De verdachte is zijn zoon behulpzaam geweest bij het transformeren, vervaardigen en verhandelen van vuurwapens. Zijn hulp heeft er mede toe geleid dat een groot aantal vuurwapens is verspreid met alle risico’s van dien. Dit neemt het hof de verdachte zeer kwalijk. Juist gelet op zijn vaderrol had hij het goede voorbeeld kunnen en moeten geven en het gedrag van zijn zoon moeten afkeuren en ontmoedigen.
De verdachte heeft zich bovendien schuldig gemaakt aan het bezit van een gevaarlijk vuurwapen.
Het ongeoorloofde bezit van vuurwapens brengt onaanvaardbare risico’s voor de veiligheid van personen met zich vanwege de kans op het gebruik daarvan, met alle mogelijk onomkeerbare gevolgen van dien. De vervaardiging van en handel in vuurwapens vergroot deze risico’s in aanzienlijke mate.
Het hof heeft daarnaast oog voor het toenemende gevaar dat de laatste jaren door vuurwapenbezit wordt veroorzaakt. In het bijzonder is sprake van een grote toename van het aantal - niet zelden fatale -schietincidenten.

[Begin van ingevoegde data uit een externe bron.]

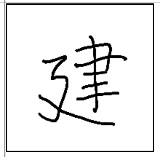 | 建 | 建 | 聿 | 廴 | . | . | . | 붓으로 도면을 그린 후 천천히 걸으며 걸음으로 길이를 재고 건물을 건축하는 모습. 건축. |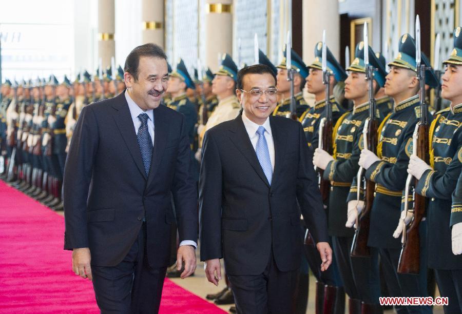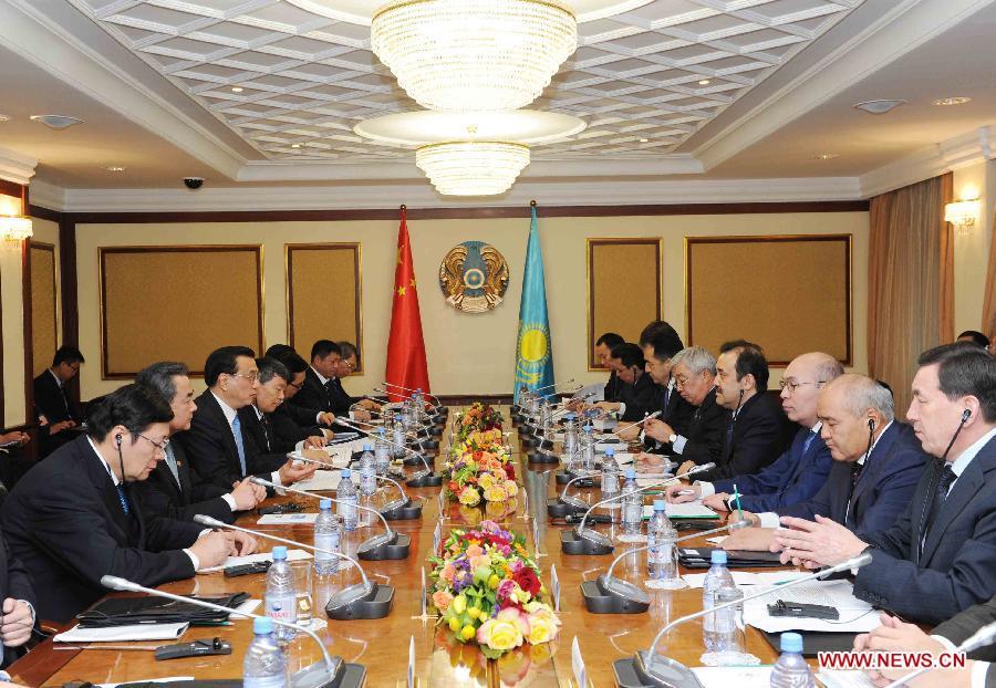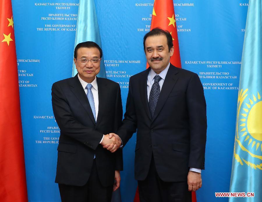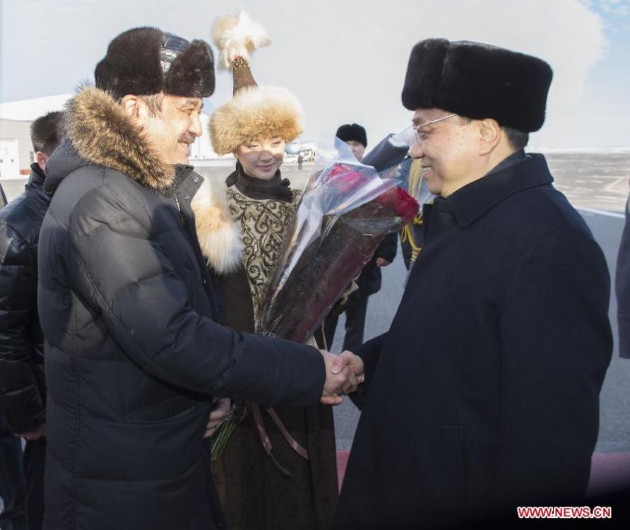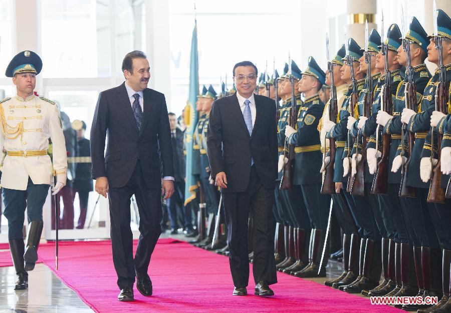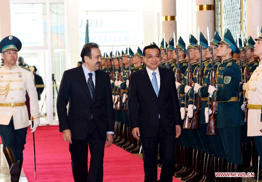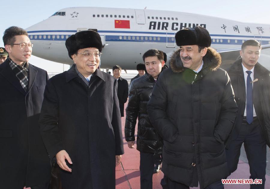 Chinese Premier Li Keqiang waves upon his arrival at Astana International Airport in Astana, Kazakhstan, Dec 14, 2014. Li arrived here Sunday to pay an official visit to Kazakhstan and attend the 13th prime ministers' meeting of the Shanghai Cooperation Organization (SCO). During his visit, Li will also hold the second regular meeting between the China-Kazakhstan heads of government with his Kazakh counterpart Karim Masimov. (Xinhua/Rao Aimin)
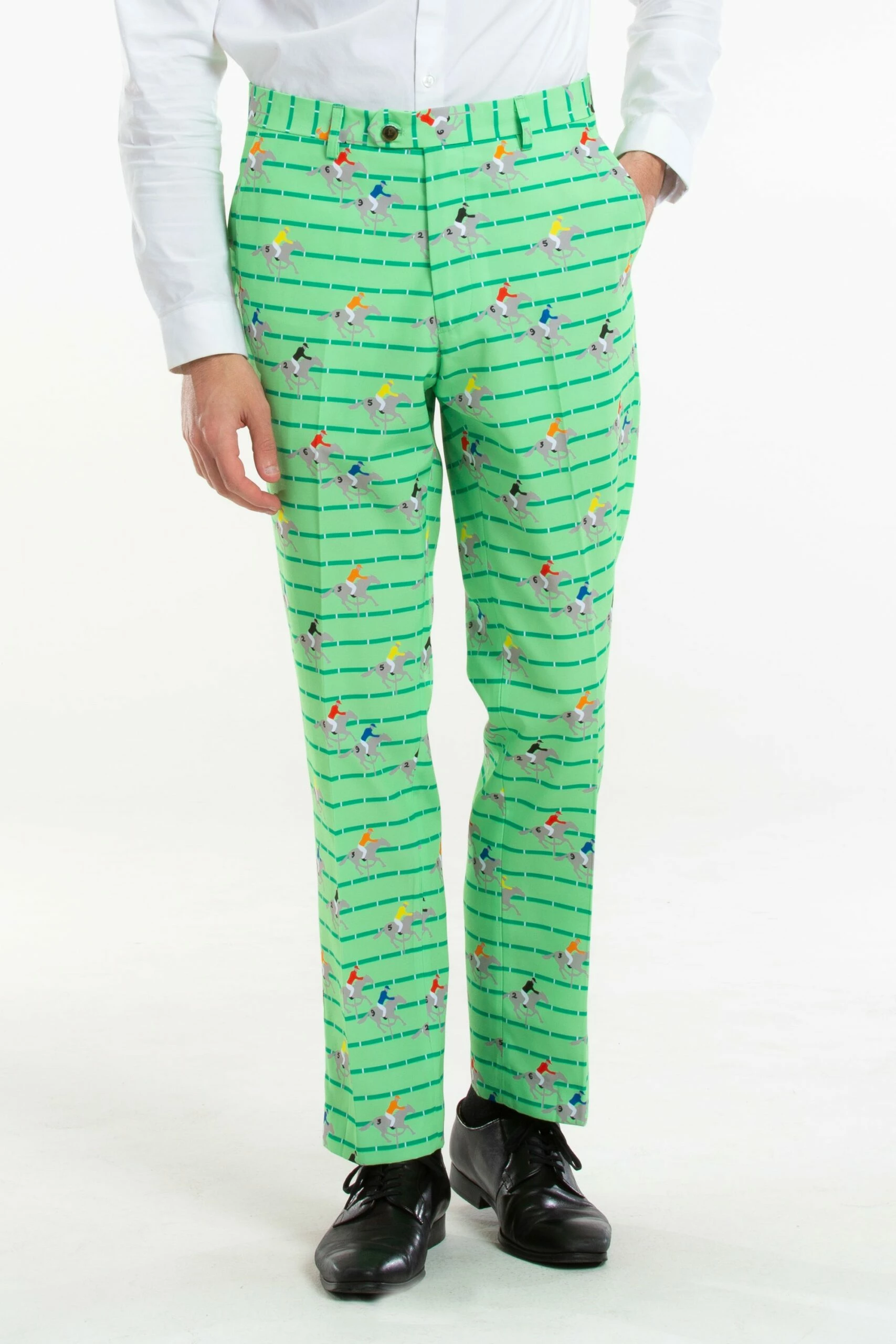 Did you know that around 120,000 Mint Juleps are served over the two day period at the Derby? Most of those bevy’s cost around $11 a pop, but, you also order one that will run you a pretty penny around $1,000. Rest assured knowing these striped suit pants pair well with either option. But if you do end up munching on crushed ice flown in from Finland…let us know how it tastes.
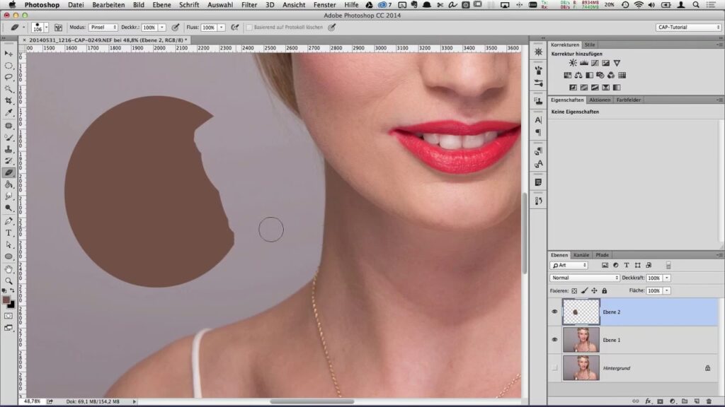 Diese destruktive Eigenschaft ist der Hauptgrund, warum professionelle Bildbearbeiter und Fotografen oft zögern, das Radiergummi-Werkzeug für komplexe oder finale Bearbeitungsschritte zu verwenden. Für nicht-destruktive Bearbeitungen gibt es bessere Methoden, auf die wir später eingehen werden.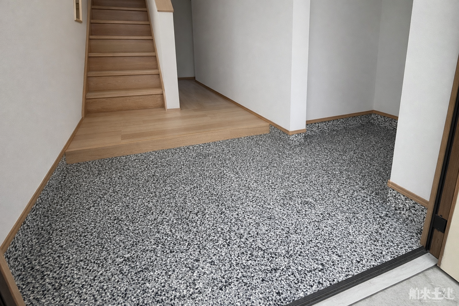 新築住宅の玄関床に、ポリフレーク仕上げを採用した施工事例です。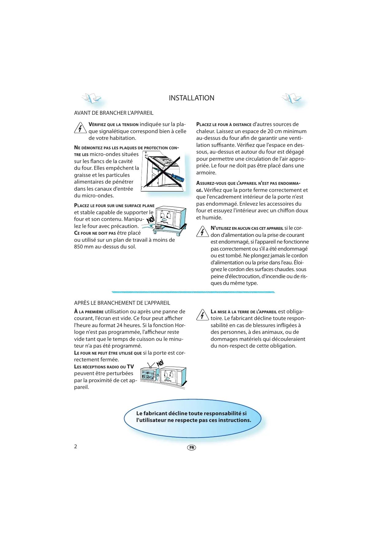peuvent être perturbées par la proximité de cet appareil. LA MISE À LA TERRE DE L'APPAREIL est obligatoire. Le fabricant décline toute responsabilité en cas de blessures infligées à des personnes, à des animaux, ou de dommages matériels qui découleraient du non-respect de cette obligation. Le fabricant décline toute responsabilité si l'utilisateur ne respecte pas ces instructions.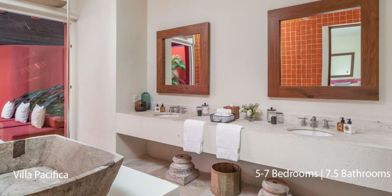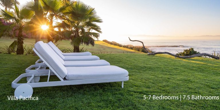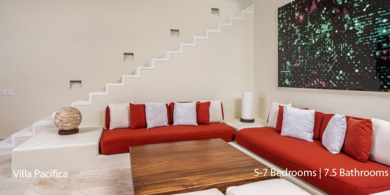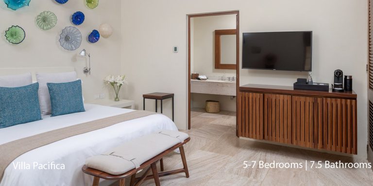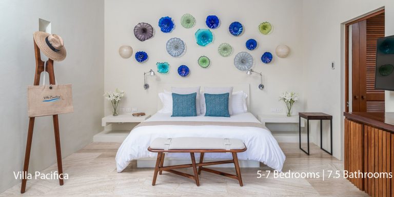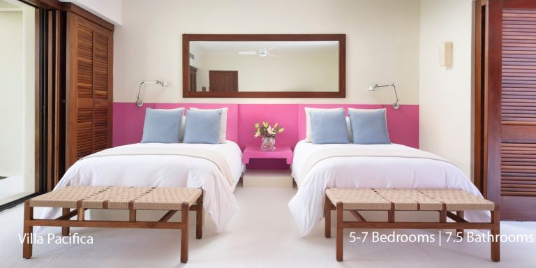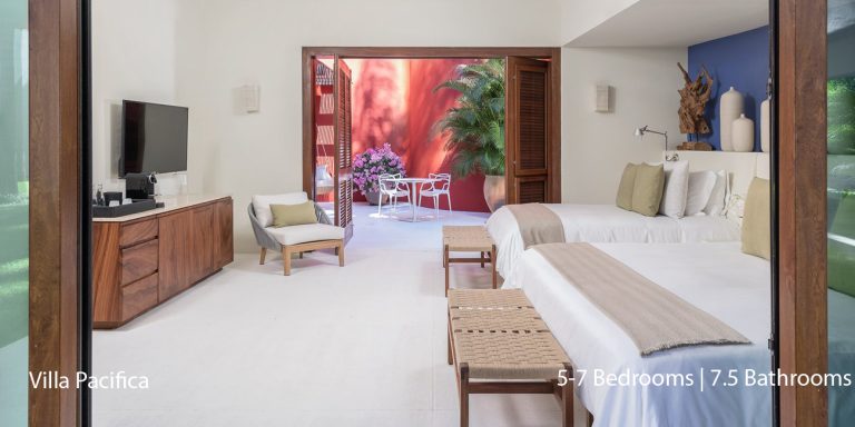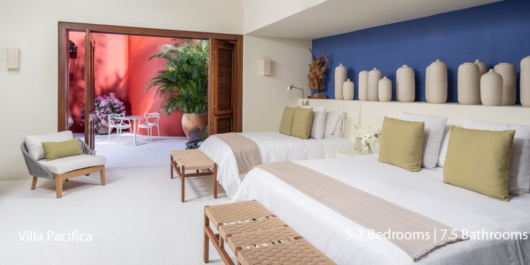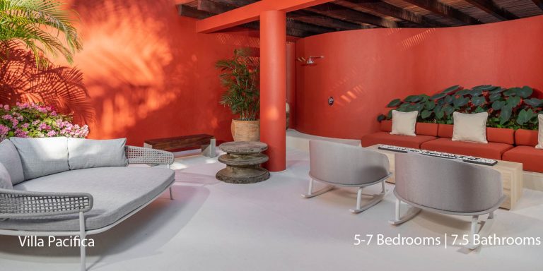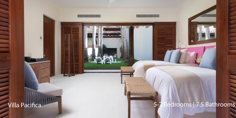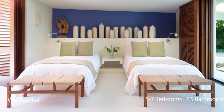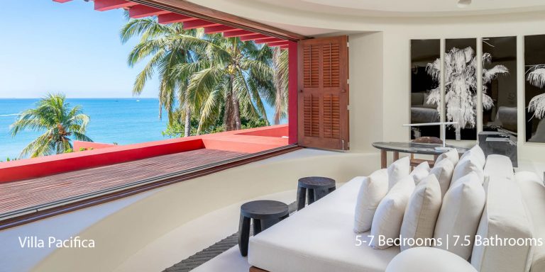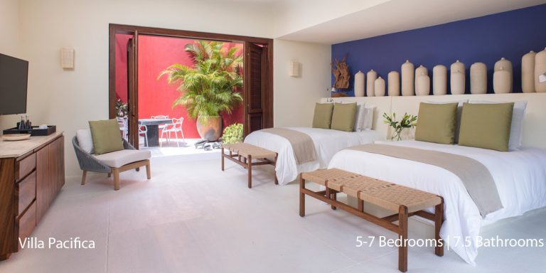 Villa Pacifica features five to seven-bedroom suites.  A sweeping, sophisticated master suite occupies the majority of the top floor. The master suite has a king-sized bed overlooking a recessed seating area with elegant cane furniture. The master suite features huge windows that frame uninterrupted views of the Pacific. There is a spacious master bathroom with indoor & outdoor showers and a private deck with a sunken tub.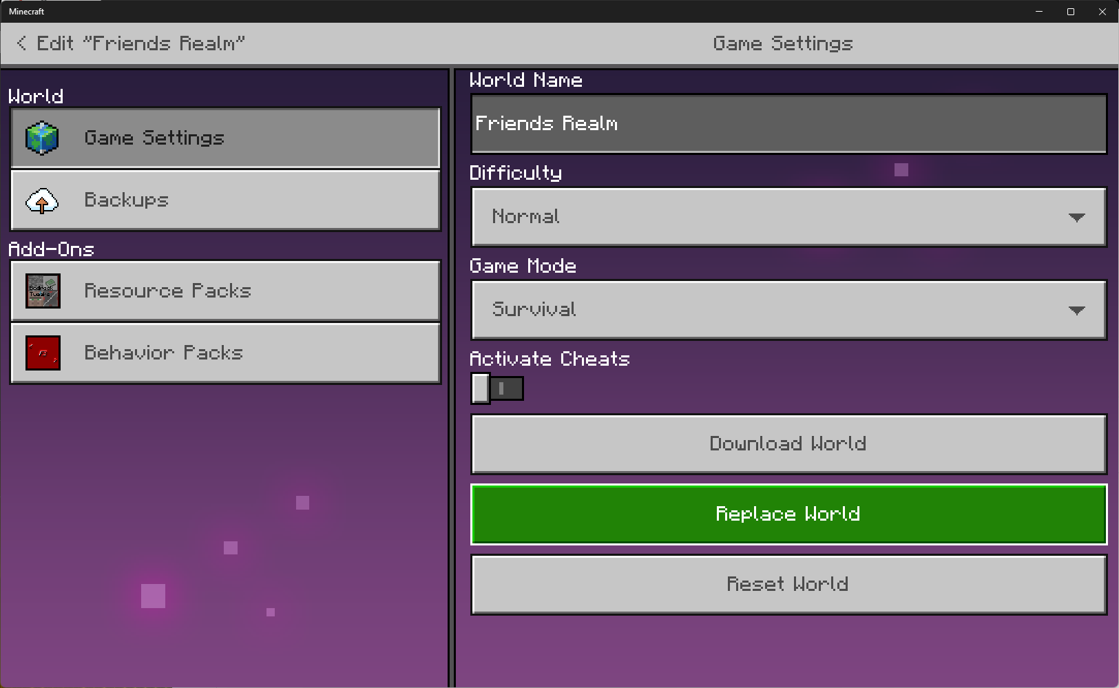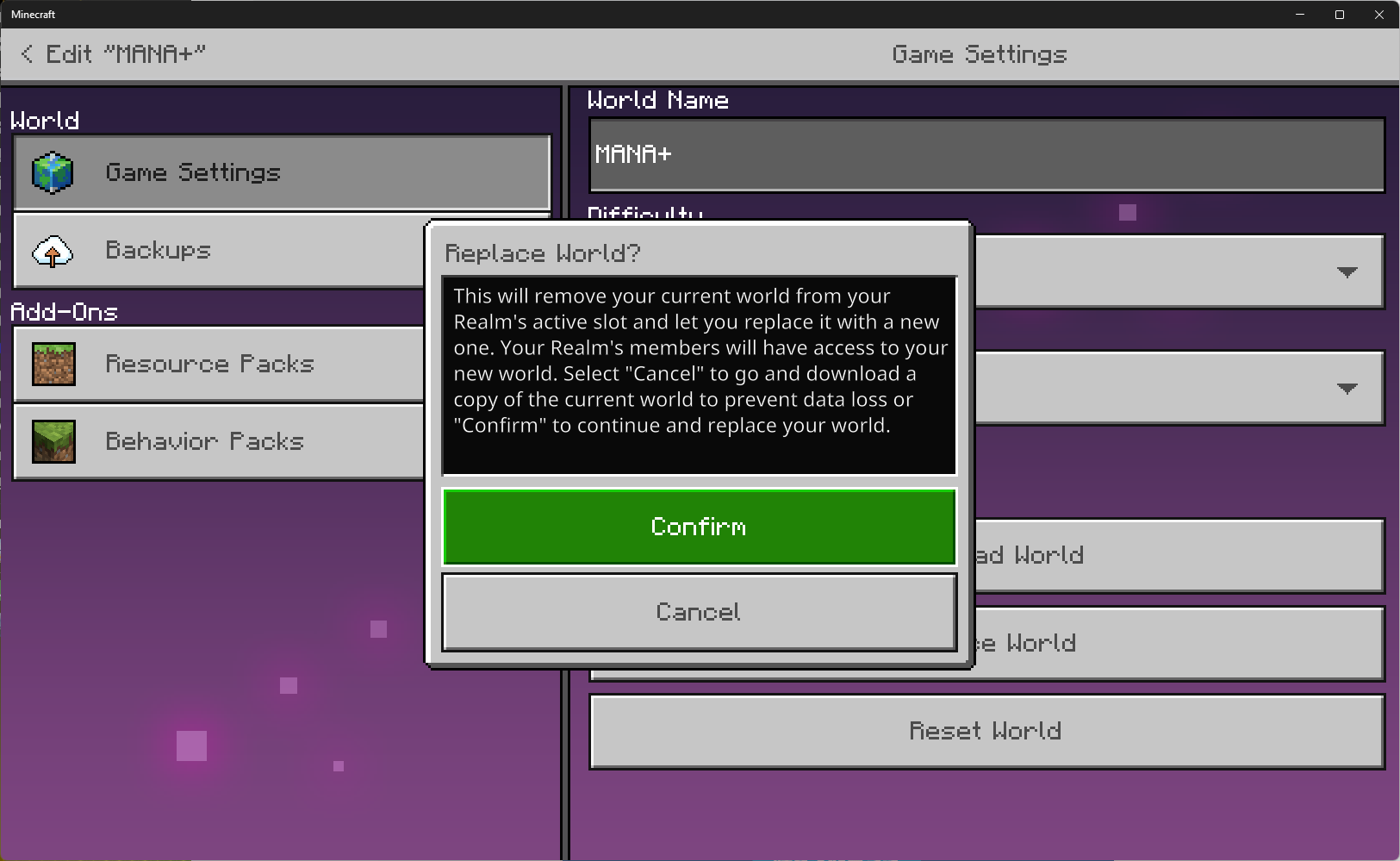 IV. Have attempted the "Replace World" method several times to the same result. Decided to bite the bullet for science and attempted to "Play on Realm" again, subscribing to another realm. Again this just leads to another new seeded world. All these new worlds aren't even a reset version of the world I'm trying to upload. Just straight out a different fresh new world.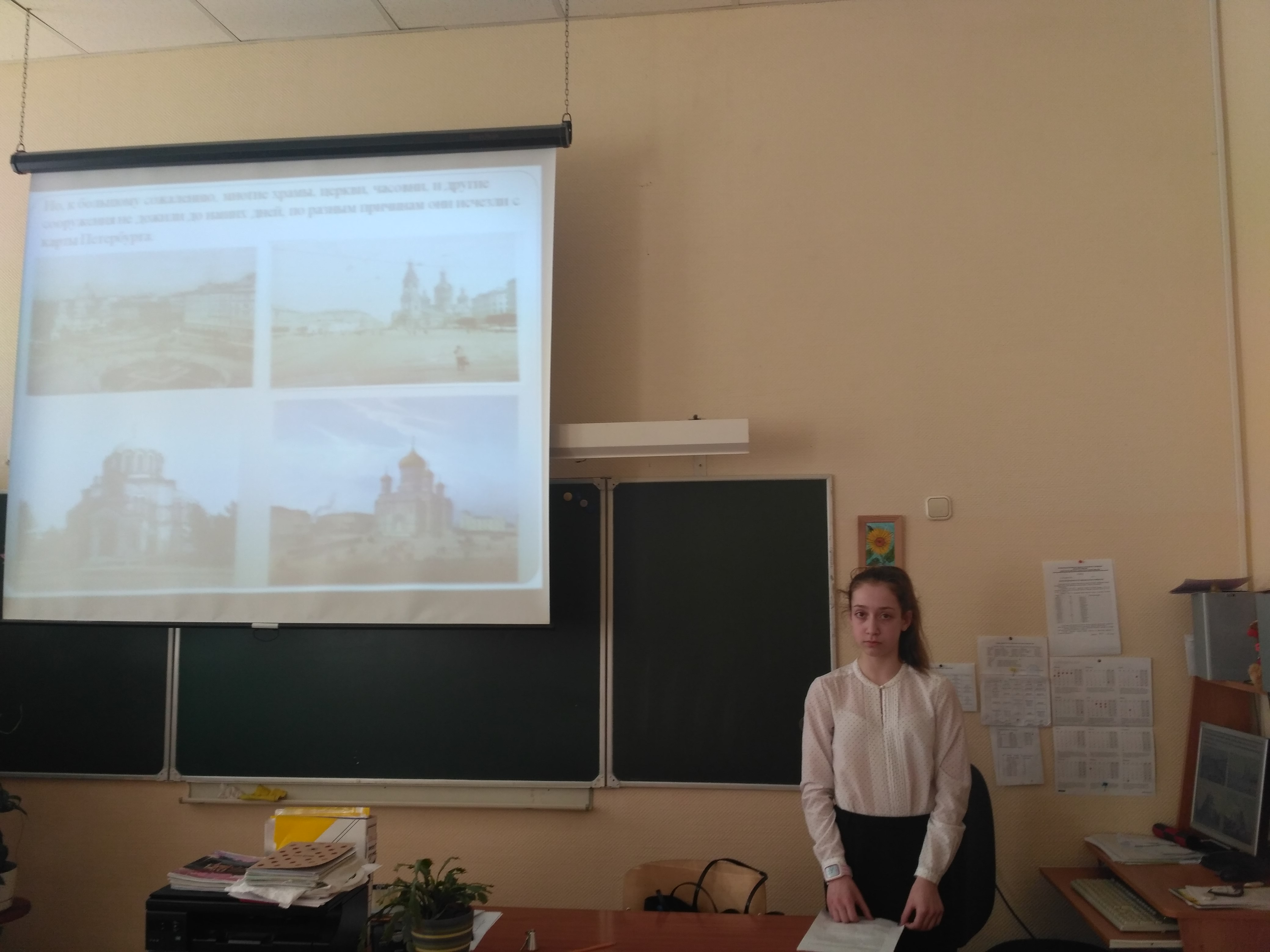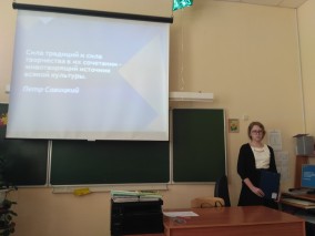 В апреле в гимназии проходят защиты годовых проектов, которые выполняет каждый гимназист в рамках программы «Введение в научно-исследовательскую деятельность». Обучающиеся восьмых классов пишут работы в рамках целевой творческой программы «Диалоги культур». Ежегодно восьмиклассники выбирают темы, связанные с Русским музеем. В этом году успешно защитили свои работы Калинкина Александра «Традиции русского народа на примере картин из коллекции Русского Музея», Рябков Никита «Столкновение культур в рекламе на примерах плакатов в экспозиции Русского музея», Кононова Меланья «Уникальность храмового зодчества Санкт-Петербурга» на основе книги «Религиозный Петербург», изданной Русским Музеем. В работе над исследованием темы ребятам помогала Махонина Ирена Эмильевна, классный руководитель и куратор проекта «Мобильный образовательный центр», в котором ее класс участвует четвертый год подряд.

Tegen die achtergrond dient het onbevoegd bezit van vuurwapens krachtig te worden bestreden.
In het nadeel van de verdachte weegt mee dat hij blijkens een de verdachte betreffend uittreksel uit de Justitiële Documentatie van 20 september 2021 eerder onherroepelijk is veroordeeld voor wapenbezit.
Het hof acht, alles afwegende, een deels voorwaardelijke gevangenisstraf van na te melden duur passend en geboden.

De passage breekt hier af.